If At First You Don’t Succeed ...

In truth, the treaty is so gargantuan and garbled that no sane person would undertake to read it, never mind understand it. Its size and lack of plain English is a fundamental flaw that cannot be overcome unless it is changed – Matt Cooper

It hasn’t gone away, you know. The Lisbon Treaty, just like a bad smell, continues to linger in public discourse prompted by ministerial comment and government sponsored surveys. Earth shattering news it most definitely is not to learn from the media that the EU is expecting the Irish government to buckle and hold another referendum in 2009. In Gramscian terms it looks like the Dublin political class is reconnoitring the commanding heights in a war of position before manoeuvring to shaft the electorate and give the middle finger to democratic sentiment. Matt Cooper in the latest issue of the Sunday Times alerts his readers to a government belief that in order to reverse the defeat it suffered in the referendum, it need only win over one quarter of those who voted ‘no’ on the basis that they did not understand the treaty last time around.

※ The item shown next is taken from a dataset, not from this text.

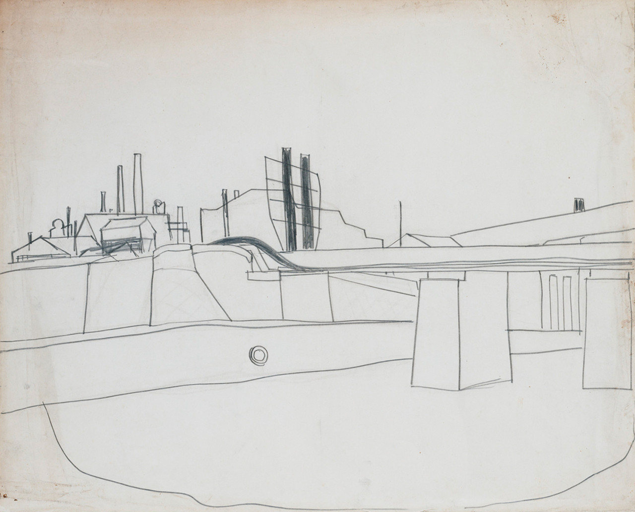 松本竣介は戦中戦後の苛酷な時代状況のもとで生き、活動した画家として知られる。病気で聴覚を失ったこともあり画家を志すようになった彼は、少年時代を過ごした岩手から17歳で上京したのち、36歳の若さで急逝するまで、静謐な抒情性をもつ都市風景を中心に独自の絵画を探究した。また竣介は当時の国家による文化統制に異義をとなえ、自画像や人物構想画にたくして芸術の自由な創造性と人間の自立性を訴えたことから、のちの時代に「抵抗の画家」と呼ばれた。当館収蔵の素描約60点には、《ニコライ堂》、《鉄橋近く》、《Y市の橋》などの、1941年頃から集中して描かれた東京・横浜近辺の風景が多数含まれており、竣介の織密な制作プロセスを知る手がかりともなっている。1点の完成作品を得るために、彼は現場での多数のスケッチを基に、アトリエでさらに素描をまとめ直し、油彩画や素描作品のためのカルトン(原寸大下絵)を制作した。ハトロン紙に描かれた下絵は、輪郭線をカンヴァスや画用紙に正確に転写し、ねらい通りの画面構成をつくり出すためのものである。こうした準備段階で竣介は、ある風景を別の場所や人物モティーフと組み合わせ、大きさや形を変えるなど現実を自由に再構成し、次第に線を強く明確なものに仕上げていった。戦局悪化のなかで竣介は東京にとどまりひたすら目前の風景と対峙した。描かれた都市風景は、細部にいたるまで写実的でありながら、時に孤独や不安、幻想味を帯びた心象風景となった。

True the government is Tower of Babel-like in its reconstruction of a shattered European strategy, evidenced from the public variance between the positions of Taoiseach Cowen and Foreign Affairs Minister Martin. But there is a sneaking suspicion that the real intent is to be found in the position of European Affairs Minister Dick Roche when three weeks ago he informed the public of his private view that another referendum is the way to go in tackling the thorny issue of the rejected Lisbon Treaty. Kite flying is how Sinn Fein’s Mary Lou MacDonald aptly described it. It is hard to be persuaded that he is doing anything other than simply firing the opening salvo in a government attempt to mercilessly batter democracy into submission.

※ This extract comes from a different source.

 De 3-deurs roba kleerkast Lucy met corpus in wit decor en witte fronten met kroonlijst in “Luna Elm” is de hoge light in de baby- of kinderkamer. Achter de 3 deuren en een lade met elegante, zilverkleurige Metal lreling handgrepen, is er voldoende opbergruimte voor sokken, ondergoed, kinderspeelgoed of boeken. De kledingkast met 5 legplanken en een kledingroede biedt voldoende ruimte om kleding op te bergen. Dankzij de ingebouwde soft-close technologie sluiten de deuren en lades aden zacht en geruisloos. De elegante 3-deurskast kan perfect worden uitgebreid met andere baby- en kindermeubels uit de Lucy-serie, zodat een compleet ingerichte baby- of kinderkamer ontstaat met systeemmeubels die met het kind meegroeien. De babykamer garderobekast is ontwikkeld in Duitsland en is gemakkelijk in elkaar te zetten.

Had the last referendum provided the ruling clique with the result it wanted any suggestion that there should be a rerun of the contest would have seen the legs kicked from under it to outraged howls of approval from those swinging the boot. Their ire, were anybody to buy into it, provoked by a shameless fresh referendum contrived solely as a cynical assault on the democratic ethos they so strongly espouse. For Dick Roche and his ilk our democratic choices are restricted to voting for the things they, not we, think important. If every Fianna Fail general election triumph was met with a clamour for a new election, until the electorate eventually rejected Fianna Fail, Dick Roche would never be a minister.

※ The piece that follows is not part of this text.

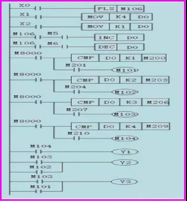 三.控制系统各环节的作用及实现 要对电梯进行控制,首要的问题就是反映电梯实际所在的位置(楼层)。 层楼继电器回路就是完成这一功能的。每一层对应一个层楼继电器,电梯在哪一层,对应楼层的层楼继电器就会动作。 PLC具有数据传送、算术计算、数据比较处理等功能,所以用PLC很容易能实现层楼电路: 启用一数据寄存器D0,电梯在最下层端站时可将1送入D0,最上层端站时,将最高层数送入D0;电梯每上升一层将D0自动加1; 电梯每下降一层D0自动减1,这样使D0中存放的始终是层数; 然后,将D0分别与1、2、3、……相比较,等于几就说明电梯在几,这时驱动对应的层楼继电器,实现层楼电路。 四层四站的层楼继电器电路梯形图如图所示。

Dick Roche, ominously and regrettably does not cut a lonely figure. Pat Cox a former president of the European Parliament decided to throw his shoulder behind the wheel that Roche was seeking to reinvent. That he has a background in the currently imploding right wing Progressive Democrats will serve to remind people that he is a wolf in wolf’s clothing, For Cox, ‘the enemy’ on the European question is not the business interests that would seek to lower wages, the bureaucracy that obfuscates in order to bamboozle voters, or the European Council that wishes to amass its own power while simultaneously disempowering Irish citizenry, but Sinn Fein, Libertas and media elements who had the temerity to highlight concerns that for some reason did not unduly concern Pat Cox. The government too drew his ire; it had forfeited its freedom which of course was the freedom to agree with him.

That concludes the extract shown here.